Question

Find the frequency of light that ejects an electron from a metal surface fully stopped by a retarding potential of 3V. The photoelectric effect begins in this metal at a frequency of $6 \times {10^{14}}Hz$.
A. $1.324 \times {10^{15}}Hz$
B. $2.295 \times {10^{16}}Hz$
C. $3.678 \times {10^{18}}Hz$
D. $2.7 \times {10^{14}}Hz$

Answer 1

Hint: In order to solve this problem, Einstein's photoelectric equation must be used. It says that the incident light energy is spent on uplifting an electron from its ground state and the kinetic energy of the moving electron after it is ejected from the metal plate.

Formula used:
Kinetic energy, $KE = h\upsilon - \phi $
where $h\upsilon $ is the incident light energy and $\phi $ is called the work function of the material.
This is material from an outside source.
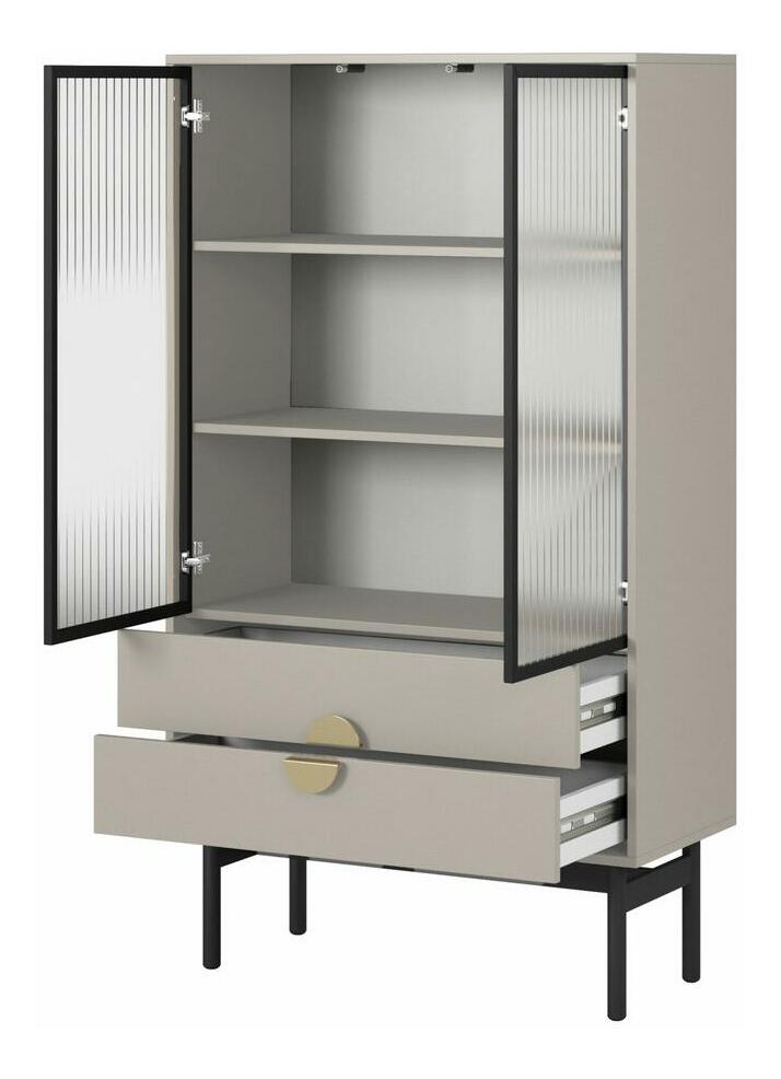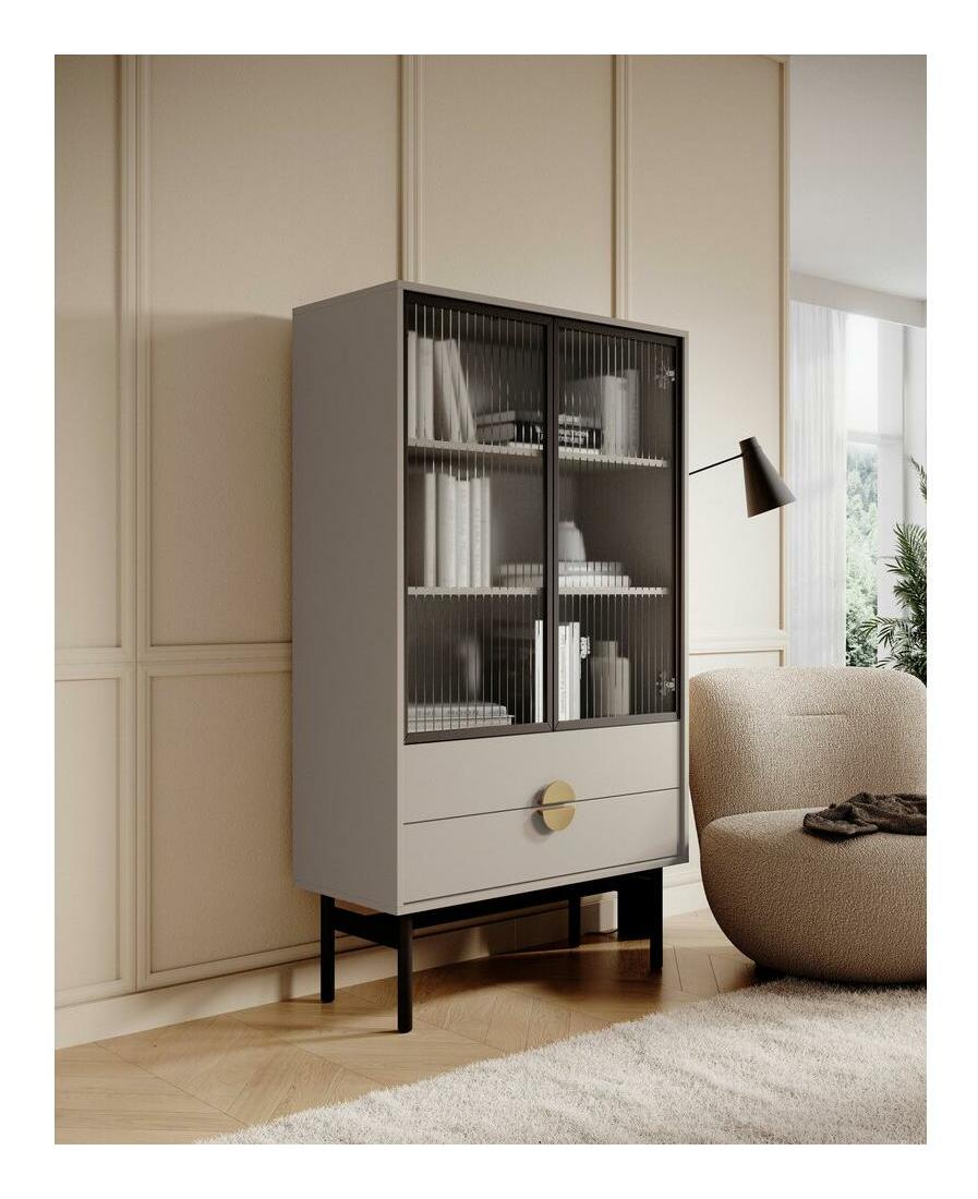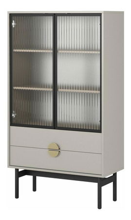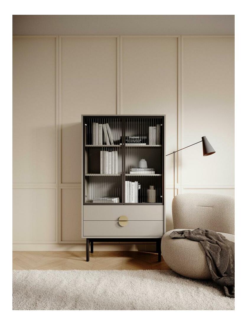 ZobrazitChcete udělat metamorfózu ve svém interiéru? Máte rádi originální řešení a jednoduché formy nábytku? Výběrem naší kolekce vnesete do svého interiéru harmonii a eleganci a potěšíte své hosty Výkladní skříň s jedinečným designem v elegantní béžové barvě dokonale zapadne do moderních interiérů. Je vyroben z kvalitní laminované dřevotřískové desky, která zajišťuje dlouhodobé a bezproblémové používání. Jeho charakter obohacuje pevný rám z černé oceli, který činí nábytek nejen odolným, ale dodává mu i industriální šarm. Zlaté úchytky tvořící kruh jsou zase nejen praktickým prvkem, který usnadňuje otevírání, ale dodávají celé skříňce eleganci a jemný lesk. Tento malý, ale rafinovaný detail odlišuje nábytek a dodává mu mírně luxusní akcent. Vitrína byla navržena s ohledem na funkčnost, proto má zásuvky na menší předměty a uzavřenou část s policemi na dekorace, rodinné suvenýry nebo mini knihovnu. Další výhodou je prosklená přední strana z drážkovaného, dekorativního skla, které dodává celku lehkost a eleganci. Kombinace nevšední barvy s černým rámem a zlatými úchyty vytváří harmonický a moderní celek, který dokonale zapadne do různých interiérových aranžmá a dodá jim jedinečný charakter. Tento kus nábytku je nejen praktickým úložným řešením, ale také designovým prvkem, který ozdobí a zvýrazní individuální styl každé místnosti Detaily produktu: korpus a čela z laminované desky Grey Taupe U750 ST9, odolné vůči vlhkosti, vysoké teplotě. a škrábanců, rám z černé prášek lakované oceli, což usnadňuje udržování pořádku pod nábytkem, zásuvky se otevírají metodou 'push to open', rozměry police: výška 28,5 cm x hloubka 37 cm, úchyty zlaté barvy vyrobené z broušené oceli.

Complete Step by Step Answer:
The photoelectric effect is the phenomenon in which the electrons are emitted from a metal surface when the light with a sufficient frequency is incident upon. The concept of photoelectric effect was first documented in the year 1887 by Heinrich Hertz and later by Hallwach and Lenard in their famous experiment in 1902.
Einstein was finally able to explain this phenomenon of photoelectric effect by using Planck’s idea that light consists of discrete energy packets known as photons. These photons carry an energy equivalent to the frequency of light.
Energy carried by photon, $E = h\upsilon $ where h = Planck’s constant = $6.624 \times {10^{ - 34}}J - s$
The work function of a material is defined as the minimum energy that is required to eject the electrons from inside of the material to be ready to accelerate.
By Einstein's equation, we have –
Kinetic energy, $KE = h\upsilon - \phi $
where $h\upsilon $ is the incident light energy and $\phi $ is called the work function of the material.
The stopping potential is defined as the negative potential to be applied on the plates to completely stop the motion of the negative electrons.
In order to stop the electrons with some kinetic energy, a potential energy equal to the kinetic energy must be applied.
If ${V_0}$ is the stopping potential,
$K{E_{\max }} = e{V_0}$
Substituting in the above equation of photoelectric effect, we have –
$ KE = h\upsilon - \phi $
$ e{V_0} = h\upsilon - \phi $
Given,
Stopping potential, ${V_0} = 3V$
Frequency at which photoelectric begins, ${\upsilon _\phi } = 6 \times {10^{14}}Hz$
Work function , $\phi = h{\upsilon _\phi } = 6.626 \times {10^{ - 34}} \times 6 \times {10^{15}} = 39.756 \times {10^{ - 19}}J$
Elementary charge, $e = 1.602 \times {10^{ - 19}}C$
$ e{V_0} = h\upsilon - \phi $
$ e{V_0} = h\upsilon - h{\upsilon _\phi }\because \phi = h{\upsilon _\phi } $
Substituting and rearranging, we get –
$
  h\upsilon - h{\upsilon _\phi } = e{V_0} \\
 \Rightarrow \upsilon - {\upsilon _\phi } = \dfrac{{e{V_0}}}{h} \\
 \Rightarrow \upsilon = \dfrac{{e{V_0}}}{h} + {\upsilon _\phi } $
On substituting the corresponding values,
$ \upsilon = \dfrac{{1.602 \times {{10}^{ - 19}} \times 3}}{{6.626 \times {{10}^{ - 34}}}} + 6 \times {10^{14}} \\
\Rightarrow \upsilon = \dfrac{{4.806 \times {{10}^{ - 19}}}}{{6.626 \times {{10}^{ - 34}}}} + 6 \times {10^{14}} \\
\Rightarrow \upsilon = 0.725 \times {10^{34 - 19}} + 6 \times {10^{14}} \\
\Rightarrow \upsilon = 0.725 \times {10^{15}} + 6 \times {10^{14}} \\
\Rightarrow\upsilon = 7.25 \times {10^{14}} + 6 \times {10^{14}} \\
\Rightarrow \upsilon = 13.24 \times {10^{14}}Hz \\
\Rightarrow \upsilon = 1.324 \times {10^{15}}Hz \\
 $
$\therefore$ The frequency of light is the frequency of light is $\upsilon = 1.324 \times {10^{15}}$Hz . Hence, option (A) is the correct answer.

Note:
The photoelectric effect of Einstein gave a solid basis for the scientific theory of Max Planck that the light is not a continuous wave but a discrete wave with energy packets, each called a photon.